Table 9 Specificity of SOM based PSO

5 Conclusion

Machine learning base proteins classifications system help to separate proteins into two different groups. Training datasets were verified with set of mining methods. Self-organizing maps (SOMs) process the whole data with exact shape. It acts as data mapper as well as organizer. Initially, shape the similar data into a certain region by considering relative distances among proteins. Then, shape the proteins into corner according to their angles. Particle Swarm intelligence enables faster processing by associating features with common nature. Experimental result established that swarm bases SOM outperform the swarm less SOMs. The experimental results established that the proposed PSO-centric with SOM approach is faster than the other algorithms process along with less time consumption.
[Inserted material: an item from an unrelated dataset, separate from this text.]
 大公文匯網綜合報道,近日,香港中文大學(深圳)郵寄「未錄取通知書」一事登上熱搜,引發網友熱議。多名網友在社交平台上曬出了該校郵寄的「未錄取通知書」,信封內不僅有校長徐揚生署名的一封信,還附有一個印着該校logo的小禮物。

Comparing the proposed algorithm with the findings of [32, 17], it is possible to notice a remarkable improvement by using the proposed algorithm due to the combination of the two methods which strengthened the overall process. The present contribution refers a trifles representation regarding classification of 2D (secondary) and 3D (tertiary) proteins. In addition, quite remarkable findings were noticeable after manipulating the huge datasets using PSO centric SOMs compared to other algorithms. Since computer science generally addresses numerical data, thus for the manipulation purpose, the biological huge datasets were converted to binary values by using the Otsu method [24–26] for further process. For clear visualization and interpretation purpose, the datasets were represented considering the angles of proteins for detection of variation, patters and trends within the datasets. Therefore, all experiments presented in the current article using various single and multi-classification algorithms were efficient achieved using less time, and allocating shortest memory space along with complex, complicated data in sophisticated way. The comparisons have been illustrated in the results section (Sects. 4.1–4.7.4).
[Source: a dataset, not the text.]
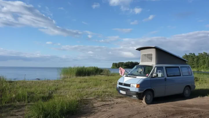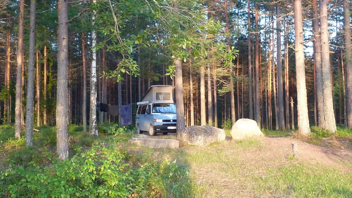 In der Nacht fing es an zu regnen und hörte erst am folgenden Nachmittag wieder auf. Ich versetzte meinen Wagen am Morgen zum 200 m langen Sandstrand. Während des Vormittages konnte ich einem Fischadler beobachten, der entlang der vorgelagerten Insel segelte und nach Beute suchte. Ich hatte ihn aber leider nie gesehen, wie er sich ins Wasser hinabstürzte. Gegen 15 Uhr klarte das Wetter endlich auf. Weil das Wasser zu flach zum schwimmen war, machte ich einen Spaziergang im angrenzenden Wald, um mich endlich körperlich zu bewegen. Sechs Stunden im Auto sitzen können ganz schön nerven.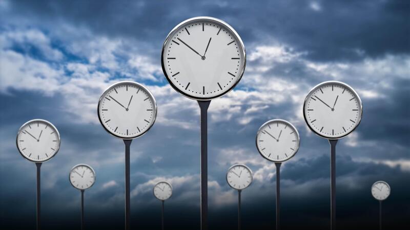Clocks with rotating arrows against sky with heavy clouds Pro Video

The results established that the proposed combination of algorithms detected higher number of secondary and tertiary proteins compared to the findings of bounding box and self-organizing maps alone. The performance evolution also shows better result for PSO centric SOMs rather than others. Meanwhile, the main contribution of the current work is focused on the secondary and tertiary proteins data which refers to the use of only homogeneous datasets for experimental purpose. Therefore, a long term goal of working with both homogeneous along with heterogeneous datasets is recommended in future work. For this consequence, the proposed algorithm needs to be developed little bit more to ensure faster and accurate manipulation of both homogeneous and heterogeneous datasets. Moreover, these works is quite straightforward for imbalance datasets and ignore this type of data while mapping. Thus, the manipulation of imbalance data for achieving more accurate and exact result is recommended as a future work.